When Hettema contacted the Department of Health and Human Services for an explanation, staff in the Office of Adolescent Health "were extremely shocked and still trying to find out who made the decision and how this came about," she said.
The University of New Mexico had been recruiting for a randomized study of 1,000 participants in a program created for doctors’ offices to help low-income Latino and Native American teens. Now they’ll probably end up with half that number, which would turn it into a pilot study with much less value for health providers, Hettema said.
“It’s kind of like building half a skyscraper and then saying, ‘Never mind,’ ” Hettema said. “And there are thousands of health care providers in this country who are winging it in terms of how to talk to teens about unintended pregnancies.”
Luanne Rohrbach, an associate professor of preventive medicine at the University of Southern California, said the eliminated programs, including the one she directed, are scientifically based.
“We took decades of research on how to effectively approach prevention and have applied it on a large scale nationally,” she said. “We’re not out there doing what feels good. We’re doing what we know is effective. There are a lot of data from the program to show that it works.”
The USC program supports a sexual health education program in middle schools in the Los Angeles and Compton unified school districts and in an alternative high school system.
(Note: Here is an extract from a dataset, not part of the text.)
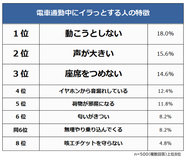 【電車通勤中にイラッとする人の特徴ランキング】男女500人アンケート調査

Included are workshops that teach parents how to talk to kids about delaying sexual activity and where to find health services for preventing disease and pregnancy.
In the San Antonio area, Healthy Futures of Texas provides education on preventing teen pregnancies and uses a control group to assess the effectiveness of the program.
“Our research design is to follow young people for a year and see if the program is making a difference,” said Dr. Janet Realini, associate vice president of Healthy Futures of Texas. Without the funds, “it’s going to be very difficult for us.”
“The folks I’ve talked to who have had many federal grants say they would normally have had some notice,” she said.
In May, Congress approved $101 million for the third year of the 81 grants. But Trump’s proposed budget did not include any funding for fiscal year 2018.
Huber, the new chief of staff for the office of the assistant secretary for health, previously was the president of Ascend, which used to be named the National Abstinence Education Association.
In a 2014 paper on the history of sex education, Huber criticized Obama for creating comprehensive sex education programs at the expense of focusing on abstinence.
“Pro-sex organizations used every opportunity to attack abstinence education,” Huber wrote with co-author Michael Firmin. “This agenda was (and is) at least as much about destroying abstinence education as it is about supporting ‘comprehensive’ sex education. … The current Obama administration has used its fiscal scalpel to eliminate the growth of abstinence education within America’s school systems.”
Tom Price, an orthopedic surgeon who was a US Representative from Georgia, was confirmed by Congress as health secretary in February. He has been vehemently opposed to federal programs involving contraception.
In Congress, he voted to eliminate Title X, which subsidizes contraception for low-income women. He opposed an Affordable Care Act provision that requires insurance plans to cover contraception.
"Bring me one woman who has been left behind. Bring me one. There’s not one," Price told a ThinkProgress reporter when asked about the provision in 2012. "The fact of the matter is this is a trampling on religious freedom and religious liberty in this country."
The US teen birth rate remains higher than many other developed nations despite a continuing decline.